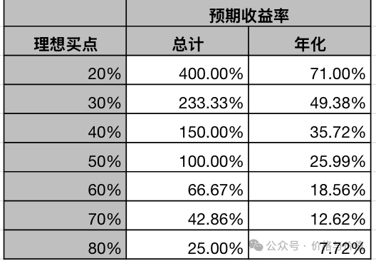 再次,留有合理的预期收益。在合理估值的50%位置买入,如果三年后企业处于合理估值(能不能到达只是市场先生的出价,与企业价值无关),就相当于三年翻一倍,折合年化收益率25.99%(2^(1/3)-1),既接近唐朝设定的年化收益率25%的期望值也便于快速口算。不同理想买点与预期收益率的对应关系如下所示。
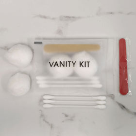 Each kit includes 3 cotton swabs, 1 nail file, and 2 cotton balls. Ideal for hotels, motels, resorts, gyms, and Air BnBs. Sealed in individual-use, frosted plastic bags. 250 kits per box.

====

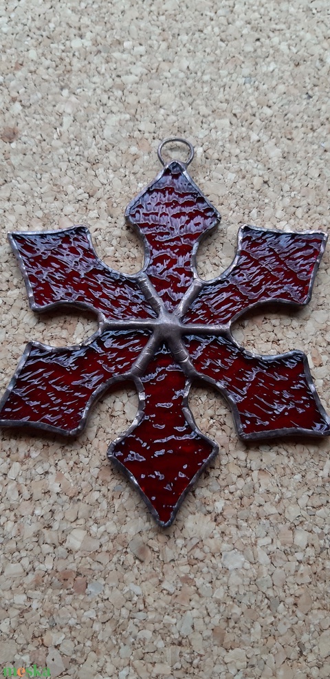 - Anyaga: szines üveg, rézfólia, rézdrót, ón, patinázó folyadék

====

▶ TASK DETAILS
Copy nothing but the lines above that run from the one with "再次,留有合理的预期收益。在" to the one with "Each kit includes", ends included; pictures stay out.

▶ RESPONSE TO THE EXERCISE
 再次,留有合理的预期收益。在合理估值的50%位置买入,如果三年后企业处于合理估值(能不能到达只是市场先生的出价,与企业价值无关),就相当于三年翻一倍,折合年化收益率25.99%(2^(1/3)-1),既接近唐朝设定的年化收益率25%的期望值也便于快速口算。不同理想买点与预期收益率的对应关系如下所示。
 Each kit includes 3 cotton swabs, 1 nail file, and 2 cotton balls. Ideal for hotels, motels, resorts, gyms, and Air BnBs. Sealed in individual-use, frosted plastic bags. 250 kits per box.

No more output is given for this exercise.